The second type of ambiguity that is automatically resolved is the ambiguity between verb forms `'Pers Prt Ind Pl3 Aff'` and `'Pers Prt Ind Sg2 Aff'` ( flag `disambiguate_sid_ksid` ):

In [6]:
from estnltk.taggers import GTMorphConverter
gt_converter = GTMorphConverter(disambiguate_sid_ksid=True) # Switch on disambiguation of -sid, -ksid, -nuksid verbs (default)

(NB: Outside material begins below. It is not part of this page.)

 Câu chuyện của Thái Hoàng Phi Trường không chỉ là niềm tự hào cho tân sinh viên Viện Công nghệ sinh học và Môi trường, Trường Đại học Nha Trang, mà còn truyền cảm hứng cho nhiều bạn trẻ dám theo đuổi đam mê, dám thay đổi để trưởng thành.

text = Text('Sa läksid ära, aga nemad tulid tagasi.')
text.tag_layer(['morph_analysis', 'clauses'])
gt_converter.tag( text )
text['gt_morph_analysis']

layer name,attributes,parent,enveloping,ambiguous,span count
gt_morph_analysis,"normalized_text, lemma, root, root_tokens, ending, clitic, form, partofspeech",morph_analysis,,True,9

text,normalized_text,lemma,root,root_tokens,ending,clitic,form,partofspeech
Sa,Sa,sina,sina,"('sina',)",0,,Sg Nom,P
läksid,läksid,minema,mine,"('mine',)",sid,,Pers Prt Ind Sg 2 Aff,V
ära,ära,ära,ära,"('ära',)",0,,,D
",",",",",",",","(',',)",,,,Z
aga,aga,aga,aga,"('aga',)",0,,,J
nemad,nemad,tema,tema,"('tema',)",d,,Pl Nom,P
tulid,tulid,tulema,tule,"('tule',)",id,,Pers Prt Ind Pl 3 Aff,V
tagasi,tagasi,tagasi,tagasi,"('tagasi',)",0,,,D
.,.,.,.,"('.',)",,,,Z


Note: if the flag `disambiguate_sid_ksid` is switched off, then the input layer `"clauses"` is no longer required, as it is only needed for resolving _sid/ksid_ type of ambiguities.